A while ago, I wrote about how I needed to replace a damaged wheel on my bicycle, and in doing so went completely off the rails and re-built my wheelset as tubulars.
As I think back on this, I realize it may come across as decidedly hipster: doing something in a completely unorthodox and old-fashioned way simply because I can, and then using modern mass-communication methods to tell the world about it. I suppose in that sense it was, but I always think of hipsters as people who fully embrace the modern world and then decide to go backward just to prove they know better than everyone else. And then use modern mass-communication methods to tell the world about it.

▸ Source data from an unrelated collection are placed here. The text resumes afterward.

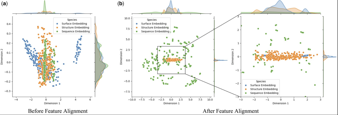 分析这两个子图的结果,可以发现,特征对齐前的可视化描述了节点在二维空间中的分散分布。具体而言,结构(橙色)嵌入和序列(绿色)嵌入节点倾向于沿维度1聚集,而沿维度2则呈现分散排列。表面(蓝色)嵌入节点更均匀地分布在两个维度上。经过特征对齐过程,这三类节点在二维空间内的集中度明显提高。值得注意的是,表面(蓝色)和结构(橙色)嵌入节点的空间密度大幅增加,这表明由于对齐,数据特征一致性得到了显著增强。由于序列(绿色)嵌入节点对应整个蛋白质序列的嵌入,蓝色和橙色节点分别对应蛋白质口袋的表面和结构嵌入,因此经过特征对齐后,绿色点更加弥散。然而,它们表现出向中心聚集的倾向。因此,分析表明,特征对齐可以提高模型处理和融合多模态数据的能力。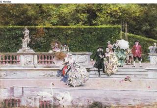 Die Gesellschaft kommt die Terrasse zum Wasser herab. Unten Schwäne; G.-R.; signiert; Scène galante (Probably the Parc de Versailles) (Bosquet des Dômes?)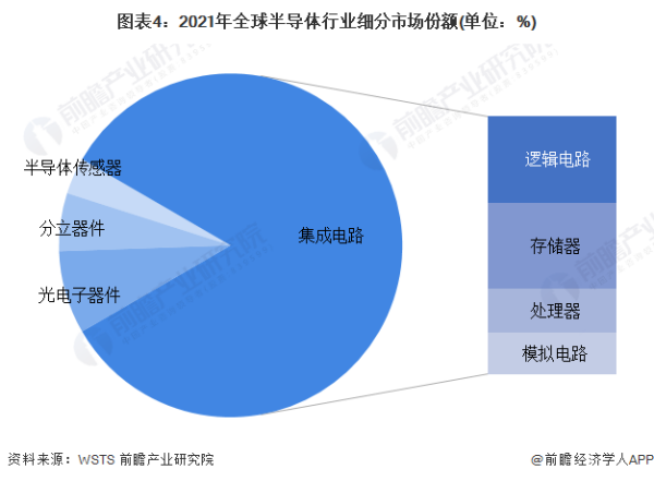 从半导体细分领域来看,集成电路一直是半导体行业的主要细分领域。2021年,集成电路市场规模达到4630.02亿美元,同比增长28.2%,占全球半导体市场规模的83.29%。其中,集成电路又可细分为逻辑电路、存储器、处理器和模拟电路,2021年这四个产品占比分别为27.85%、27.67%、14.43%、13.33%。2021年存储器、模拟电路和逻辑电路都实现较大的增长。
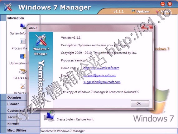• Yamicsoft Windows 7 Manager v2.1.9 英文正式版(Widnows7 總管是優化和設置軟體)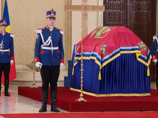 La catafalc s-au recules descendenți ai domnitorului și consilieri ai președintelui Nicușor Dan, care se aflau în sala Unirii în momentul sosirii sicriului.

I, for one, have never embraced the modern world. I’m not Going Gently Into That Good 21st Century.
(Dylan Thomas reading this.)
I have never been modern, so I’m not choosing to undo progress I’ve already made.
Every time I write one of these essays, I am wracked with guilt that it’s so easy to get my ideas out there. I certainly have not earned the right to be heard by convincing a publisher to back me, the way a Thomas Paine did, for example. “So what?” you’re saying. “That’s just semantic. Admit what you really are.” Well, maybe, but I hope to convince you that I often make objects because a suitable commercial version does not exist, and sometimes what I make can actually be better than what I can buy.

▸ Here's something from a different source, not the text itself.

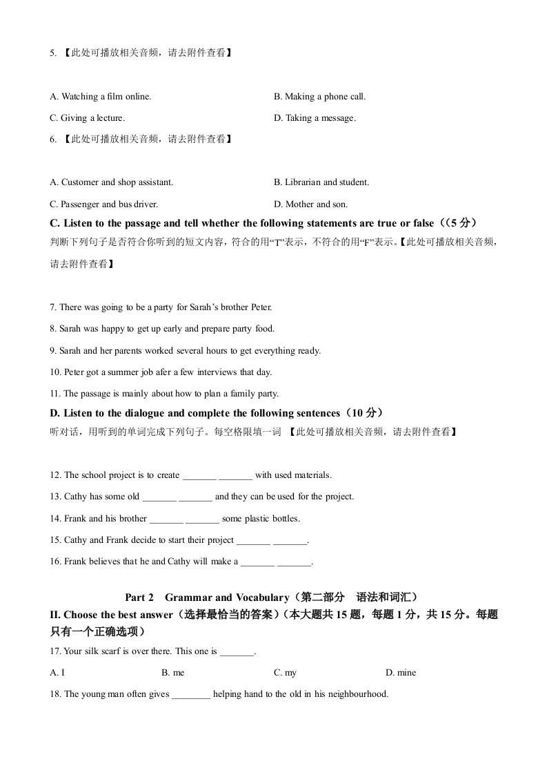 当前位置: 首页初中资源中考真题正文 2022年上海市中考英语真题(空白卷)_共10页 中考真题 2 周前 0 0 5 以上为部分内容预览,如需源文档请登录您的会员账号进行下载! 声明:本站所有文章,如无特殊说明或标注,均为本站原创发布。任何个人或组织,在未征得本站同意时,禁止复制、盗用、采集、发布本站内容到任何网站、书籍等各类媒体平台。如若本站内容侵犯了原著者的合法权益,可联系我们进行处理。 尚学资源永久会员 打赏 收藏 海报 链接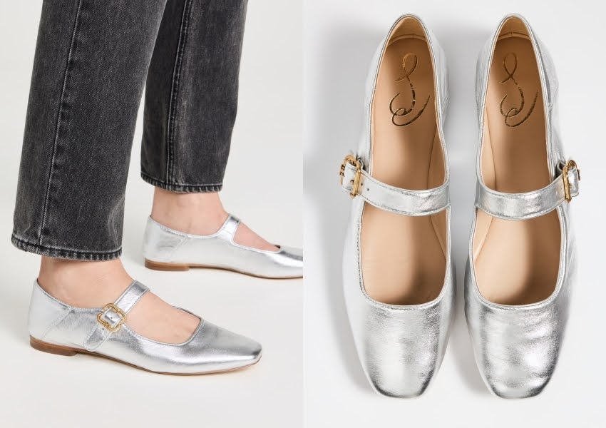 ❊ Reformation Bethany Ballet Flats,銀色瑪麗珍鞋非常好搭,今年一定要有一雙銀色的

Ever since I was nine years old and Voyager arrived at Jupiter, sending back its stunning close-up images, I have been an avid amateur astronomer. My father had received the iconic Criterion RV-6 Dynascope for his high school graduation, and it was the first instrument through which I looked at celestial objects.

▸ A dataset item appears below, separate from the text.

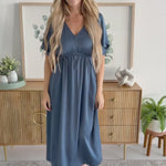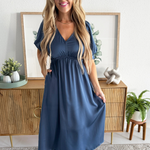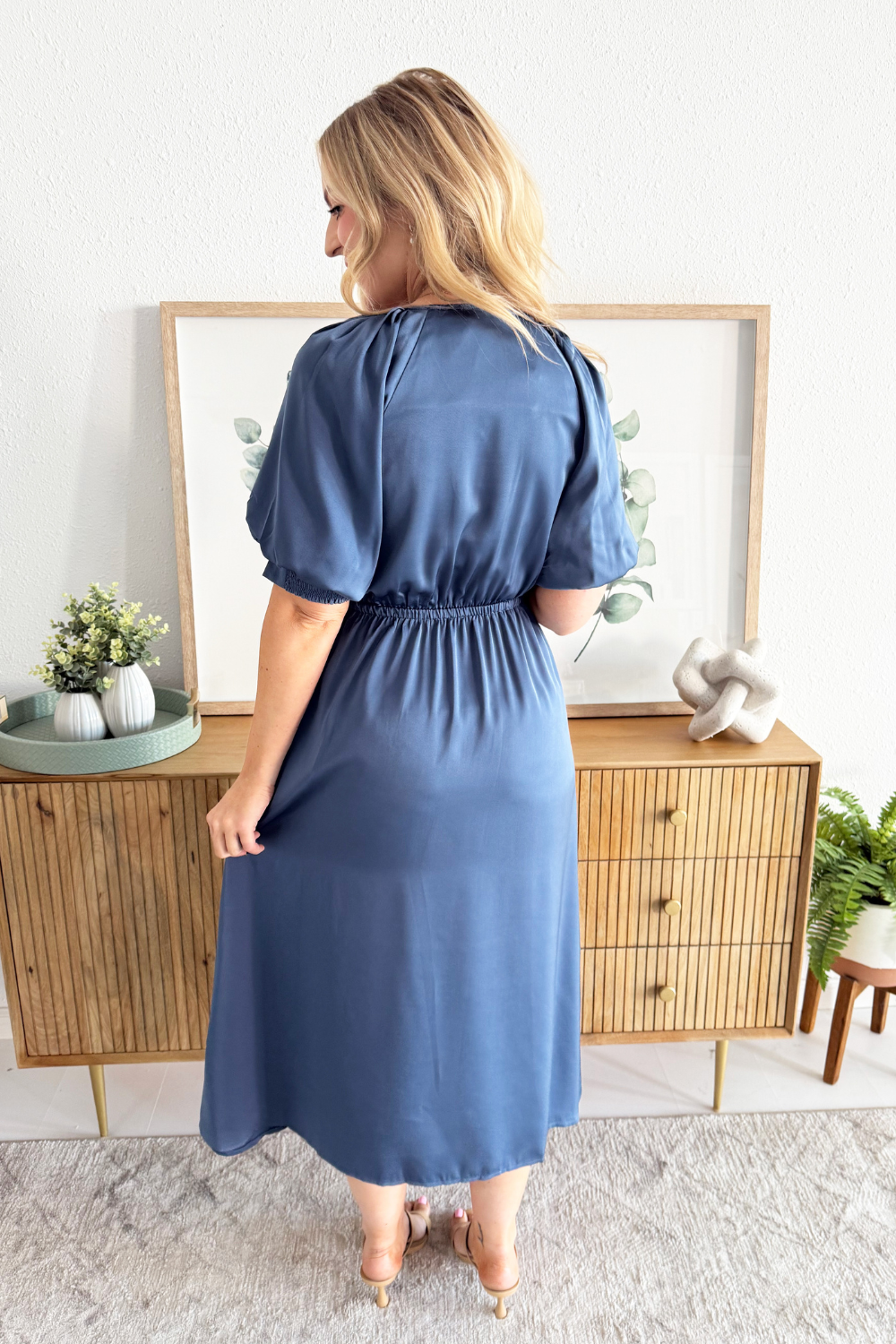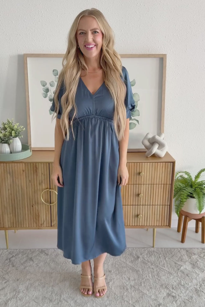 Perfect for any occasion, this dress will have your reaching for it again! The balloon sleeve detail, v-neckline, and elastic waistband adds elegance to this dress! Grab a pair of nude heels and take this outfit anywhere!

Still, I wanted my own telescope, and I devoured every book I could find in our local library about telescopes and how they worked. I was not a hipster; I just had no money to buy one. In my mind, it was easy: I’ll just ask my eye doctor for spare lenses he’s not using
(Dr. Steven J. Tishler remembering me.)
and glue them onto a cardboard roll from paper towels.
This plan never came to fruition.
Mostly I used binoculars for stargazing, and I’m glad I did, because it taught me to find objects in the wide expanse of the sky and really study them to see what I could see. When I finally began working at a summer job (more on that in the future), I did not spend money on a car or driving. I gave in and bought myself a tiny Tasco refractor on a flimsy tripod with a useless finder scope. You know the kind: they appear in every department store around Christmas and have done more to frustrate and discourage generations of would-be astronomers than all the cloudy nights in history. But I’m glad for this, too, because it taught me the importance of a solid mount (more important than first-class optics) and the limitations of a small aperture.
Before I went off to college, I once again gave in and bought a much larger telescope, an Odyssey 10″ Dobsonian.
(That’s mine, third from the top.)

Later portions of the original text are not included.